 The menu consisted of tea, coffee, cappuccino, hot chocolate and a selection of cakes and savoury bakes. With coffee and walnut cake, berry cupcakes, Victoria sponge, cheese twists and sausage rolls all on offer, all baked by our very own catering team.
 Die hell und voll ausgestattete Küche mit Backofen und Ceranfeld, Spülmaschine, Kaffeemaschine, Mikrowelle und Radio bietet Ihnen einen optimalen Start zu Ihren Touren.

---

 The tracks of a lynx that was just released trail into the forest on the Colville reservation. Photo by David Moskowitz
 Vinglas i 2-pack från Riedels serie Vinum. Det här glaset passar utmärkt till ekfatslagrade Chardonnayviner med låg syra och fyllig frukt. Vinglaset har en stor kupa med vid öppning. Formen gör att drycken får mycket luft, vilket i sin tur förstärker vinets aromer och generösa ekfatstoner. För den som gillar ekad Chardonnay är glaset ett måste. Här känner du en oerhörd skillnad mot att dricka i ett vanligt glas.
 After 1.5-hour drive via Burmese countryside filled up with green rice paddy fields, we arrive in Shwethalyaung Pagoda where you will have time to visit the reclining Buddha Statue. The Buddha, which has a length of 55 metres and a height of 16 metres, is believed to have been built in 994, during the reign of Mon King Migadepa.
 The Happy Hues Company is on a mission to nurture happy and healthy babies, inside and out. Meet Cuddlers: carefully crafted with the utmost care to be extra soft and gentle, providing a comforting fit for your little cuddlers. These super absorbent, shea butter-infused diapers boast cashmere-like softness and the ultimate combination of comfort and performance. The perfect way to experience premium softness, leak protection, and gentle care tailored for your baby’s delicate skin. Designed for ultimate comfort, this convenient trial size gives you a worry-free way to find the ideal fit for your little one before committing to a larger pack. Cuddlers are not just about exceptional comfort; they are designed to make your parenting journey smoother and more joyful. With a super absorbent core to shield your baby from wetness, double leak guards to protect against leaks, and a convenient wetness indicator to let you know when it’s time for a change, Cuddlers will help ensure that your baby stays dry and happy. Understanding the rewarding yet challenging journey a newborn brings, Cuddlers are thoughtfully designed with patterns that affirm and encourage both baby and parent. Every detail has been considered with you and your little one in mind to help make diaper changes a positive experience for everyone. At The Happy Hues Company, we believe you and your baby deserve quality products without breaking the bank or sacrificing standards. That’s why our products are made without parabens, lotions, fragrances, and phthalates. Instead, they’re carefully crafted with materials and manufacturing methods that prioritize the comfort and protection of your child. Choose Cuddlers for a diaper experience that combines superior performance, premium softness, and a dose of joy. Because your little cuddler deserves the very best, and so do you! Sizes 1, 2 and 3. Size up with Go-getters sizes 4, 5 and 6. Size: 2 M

* * *

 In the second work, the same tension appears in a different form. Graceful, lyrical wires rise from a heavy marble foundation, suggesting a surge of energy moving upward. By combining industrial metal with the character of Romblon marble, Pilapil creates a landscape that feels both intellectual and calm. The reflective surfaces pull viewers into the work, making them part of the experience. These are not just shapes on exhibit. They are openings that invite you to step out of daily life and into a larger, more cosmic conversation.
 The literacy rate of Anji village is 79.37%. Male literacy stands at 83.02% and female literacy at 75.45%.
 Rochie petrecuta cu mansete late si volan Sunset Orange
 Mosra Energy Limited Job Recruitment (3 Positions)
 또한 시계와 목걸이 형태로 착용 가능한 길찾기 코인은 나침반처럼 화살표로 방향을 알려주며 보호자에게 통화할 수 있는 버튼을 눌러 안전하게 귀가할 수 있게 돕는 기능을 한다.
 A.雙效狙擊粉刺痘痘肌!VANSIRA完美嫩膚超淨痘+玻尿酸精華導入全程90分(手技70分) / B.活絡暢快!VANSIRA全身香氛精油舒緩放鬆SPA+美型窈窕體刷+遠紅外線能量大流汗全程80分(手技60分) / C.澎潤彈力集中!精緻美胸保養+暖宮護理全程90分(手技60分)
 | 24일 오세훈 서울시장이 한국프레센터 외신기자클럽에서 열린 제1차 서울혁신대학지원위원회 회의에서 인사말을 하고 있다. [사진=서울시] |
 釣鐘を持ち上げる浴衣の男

Exercise aim
Look back at the entries above and repeat, unchanged, every line from the line holding "The tracks of" through the line holding "After 1.5-hour drive".

Solution below
 The tracks of a lynx that was just released trail into the forest on the Colville reservation. Photo by David Moskowitz
 Vinglas i 2-pack från Riedels serie Vinum. Det här glaset passar utmärkt till ekfatslagrade Chardonnayviner med låg syra och fyllig frukt. Vinglaset har en stor kupa med vid öppning. Formen gör att drycken får mycket luft, vilket i sin tur förstärker vinets aromer och generösa ekfatstoner. För den som gillar ekad Chardonnay är glaset ett måste. Här känner du en oerhörd skillnad mot att dricka i ett vanligt glas.
 After 1.5-hour drive via Burmese countryside filled up with green rice paddy fields, we arrive in Shwethalyaung Pagoda where you will have time to visit the reclining Buddha Statue. The Buddha, which has a length of 55 metres and a height of 16 metres, is believed to have been built in 994, during the reign of Mon King Migadepa.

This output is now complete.